7. An object tracking device, comprising a processing unit configured to:

the processing unit is further configured to: performing target detection on the t+1st frame image by adopting a lightweight target detection model; if a third target is detected in the t+1st frame image, extracting features of the third target to obtain a first feature, wherein the third target is not the first target, and the third target is not the second target; calculating an average value of N second features to obtain a third feature, wherein the N second features are obtained by extracting features of a fourth target in N frame images, the N second features are in one-to-one correspondence with the N frame images, any N frame of the N frame images before the t frame image comprises an image of the fourth target, the fourth target is not the first target, the fourth target is not the second target, and the N is a positive integer; calculating the similarity of the first feature and the third feature; and if the similarity between the first feature and the third feature is greater than a preset similarity, determining that the third target is the fourth target.

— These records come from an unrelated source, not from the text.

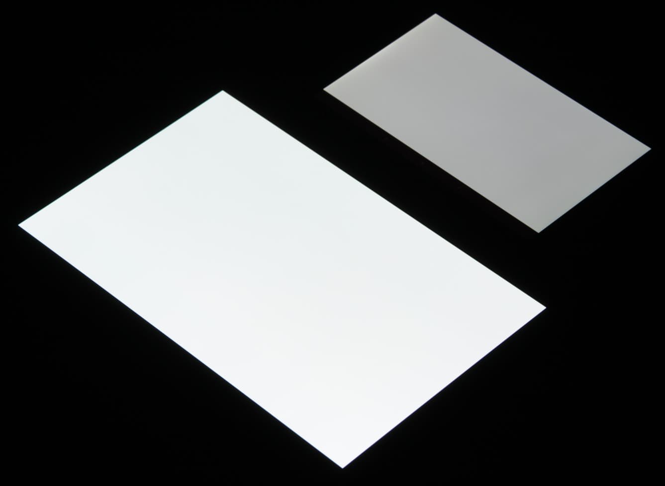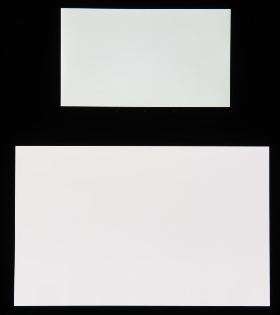 Экран характеризуется великолепными углами обзора, правда белый цвет при отклонении на большие углы приобретает легкий сине-зеленый оттенок, но черный цвет — просто черный под любыми углами. Настолько черный, что параметр контрастности в данном случае просто неприменим. При перпендикулярном взгляде равномерность белого поля отличная. Для сравнения приведем фотографии, на которых на экраны Galaxy Tab S 10.5 и второго участника сравнения выведены одинаковые изображения, при этом яркость экранов изначально установлена примерно на 200 кд/м², а цветовой баланс на фотоаппарате принудительно переключен на 6500 К.
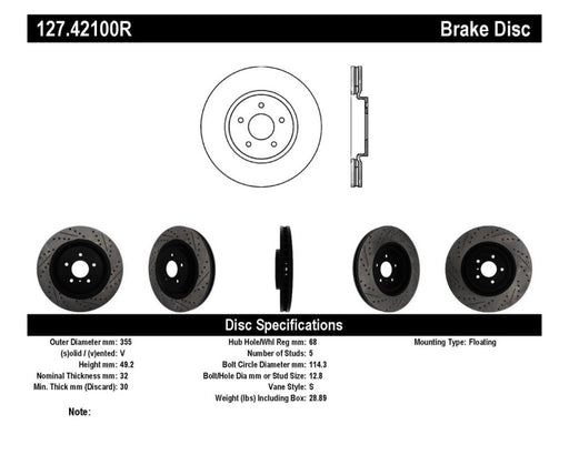 View full detailsStopTech Infiniti G37 / Nissan 370Z SportStop Slotted & Drilled Front Right Rotor
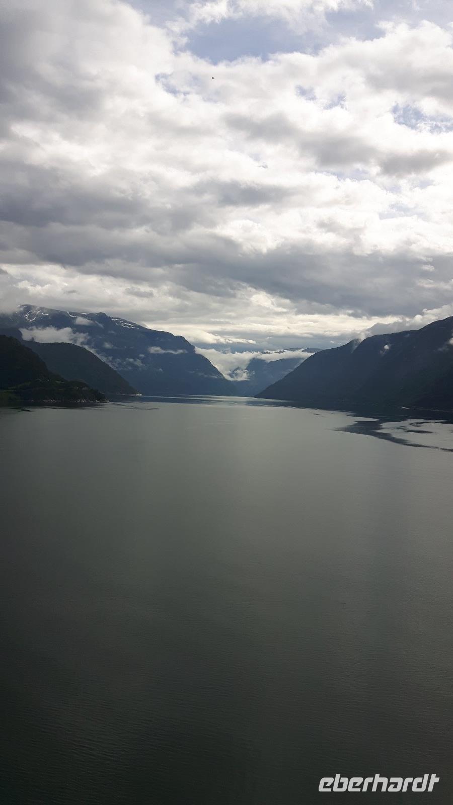 Eine Straßensperre zwingt uns heute zu einem Umweg über Aurland um Flam, ein idyllisches Städtchen am Aurlandsfjord zu erreichen.
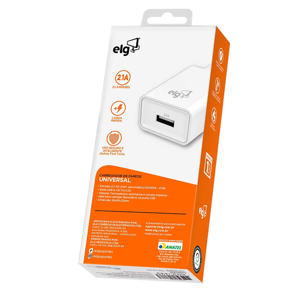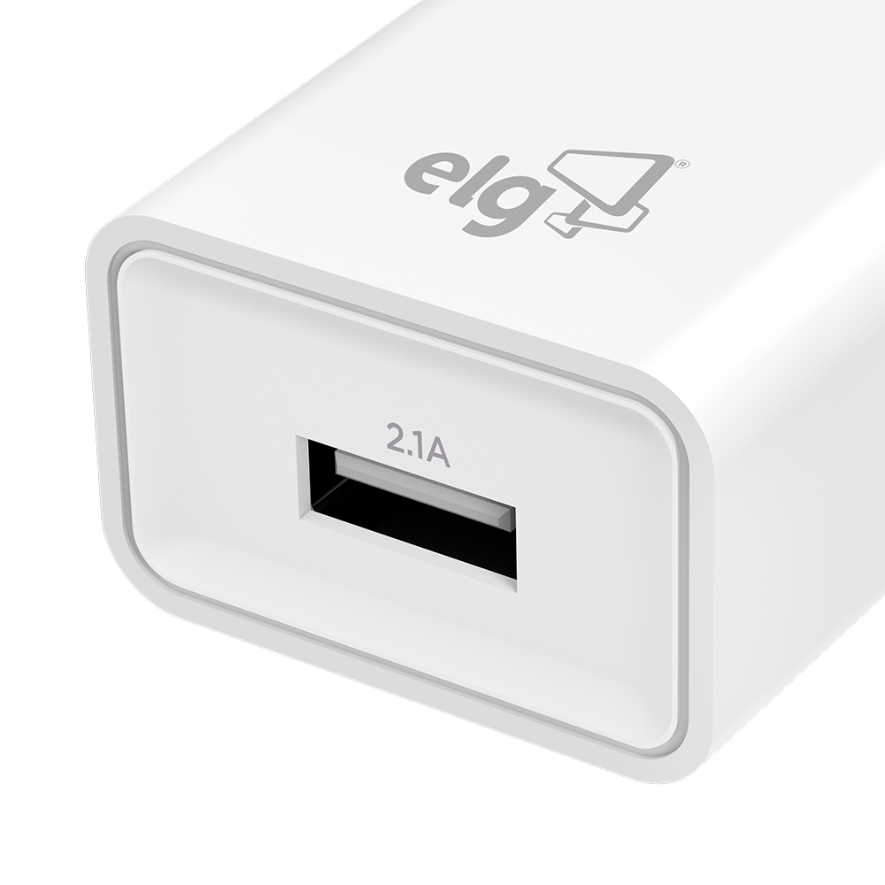 Carregador USB Universal, 1 Porta USB 2.1A, Carga Rápida, Proteção Inteligente, Branco, WC1A, ELG
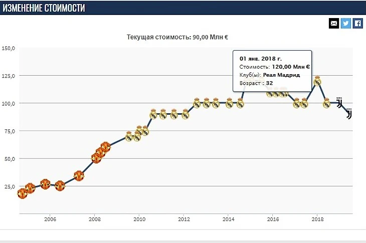 Особое внимание обращают на возраст. Цена на футболиста, которому уже за 30, растет не так сильно, как у молодого и перспективного двадцатилетнего парня. По достижению игроком возраста 33 года и больше, по правилам портала, цену на него постепенно снижают (у голкиперов возрастной порог на два года выше). И это при условии того, что футболист продолжает играть на высоком уровне. Аналитики не пощадили даже Криштиану Роналду, показатели которого туринские врачи сравнили с показателями 20-летнего игрока. Цена на Криша по достижению 32-летнего возраста упала с 120 млн. евро до 90 млн. евро.
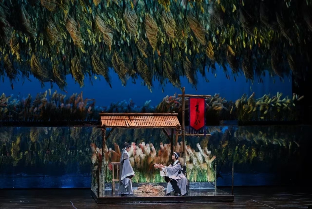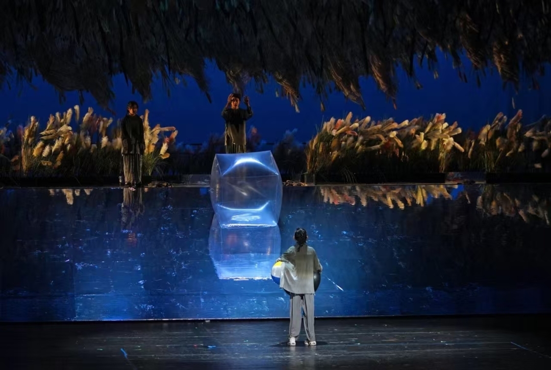 舞台上起舞的芦苇荡更在童真之上为剧目增添了一层浪漫,舞美设计谷旻雯说,“《诗经海海》让我联想起鲁迅先生笔下的《从百草园到三味书屋》。童年与成长似乎就在野草丛生的百草园与学堂的那段距离里。把童年与生命的成长放置在芦苇荡里,在镜面平台的水天之间,自有一番我们中国人独有的天人合一自在与浪漫。在镜面平台与芦苇荡之间的攀爬与飞奔间,成长已至。”

8. An electronic device comprising a processor, a memory, a communication interface, and one or more programs stored in the memory and configured to be executed by the processor, the programs comprising instructions for performing the steps in the method of any of claims 1-6.

9. A computer-readable storage medium, characterized in that it stores a computer program for electronic data exchange, wherein the computer program causes a computer to perform the method according to any one of claims 1-6.